Chapman Tripp
- No. of offices: 3
- No. of attorneys: 180+
- No. of employees: c.400
- Major practice areas: General Practice
- Key people: Pip England (Chief Executive Partner); Emma Sutcliffe (Chair of the Board); Sophia Gunn (Chief Operations Officer);
- Date founded: 1875
- Website: chapmantripp.com

= Chapman Tripp =

Commercial law firm in New Zealand

Chapman Tripp is one of New Zealand's largest commercial law firms. It is considered one of the "big three" law firms along with Russell McVeagh and Bell Gully. Established in New Zealand in 1875, it now has around 53 partners and roughly 180 legal staff across its offices in Auckland, Wellington and Christchurch. The firm practices in all areas of corporate and commercial, property, construction, finance, tax, dispute resolution, environmental and public law.

==History==
Chapman Tripp started as a one-man practice in Wellington in 1875 with Martin Chapman. Chapman was joined in partnership by William Fitzgerald in 1882 and then by Leonard Owen Howard Tripp in 1889, who spent a record 69 years with the firm.

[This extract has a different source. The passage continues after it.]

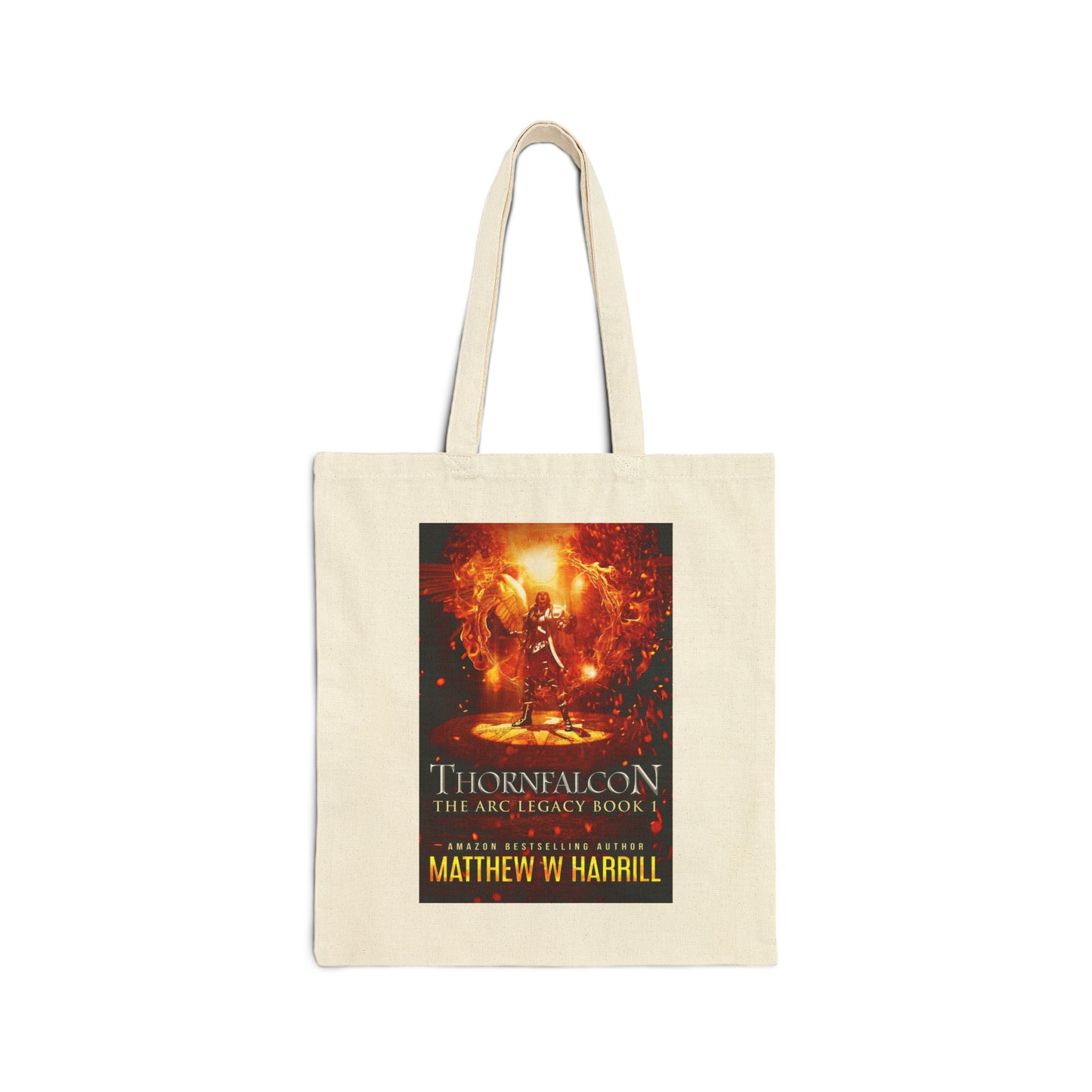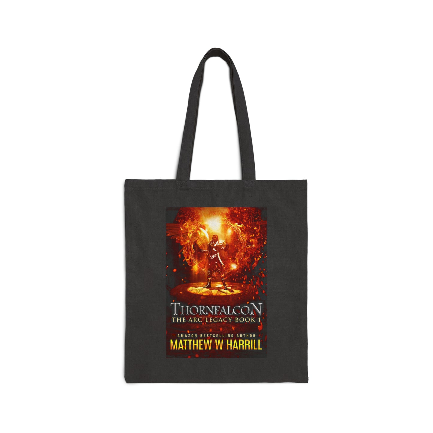This 100% cotton bag comes in one size – 15" x 16"– perfect for everyday wear. The canvas material is durable and the bag features 20" handles, making it easy to carry even with a week's worth of shopping. The cover art in this tote bag is from Matthew W. Harrill's book, Thornfalcon.

The firm went through many name changes, reverting to Chapman Tripp & Co in 1949.

In 1962 the firm opened an Auckland office, becoming the first law firm to have offices in both Auckland and Wellington. In 1985 Chapman Tripp merged with Sheffield Young and Ellis, becoming Chapman Tripp Sheffield Young, and in late 1997 the Christchurch office was opened.

==Notable alumni==
Supreme Court judge Justice Arnold was a partner of predecessor firm Chapman Tripp Sheffield Young between 1985 and 1994. He later served as Solicitor-General between 2000 and 2006 before becoming a judge of the Court of Appeal, sitting from 2006 until his elevation to the Supreme Court.

The Honourable Justice Sir Mark O'Regan of the Court of Appeal served as partner at Chapman Tripp from 1984. He was appointed to the High Court in 2001, and was elevated to the Court of Appeal in 2004 where he served as President of the Court of Appeal, until his elevation to the Supreme Court in September 2014. Justice Miller was a partner at Chapman Tripp from 1987, until appointment to the High Court in 2004, then to the Court of Appeal in June 2013, and to the Supreme Court in December 2023.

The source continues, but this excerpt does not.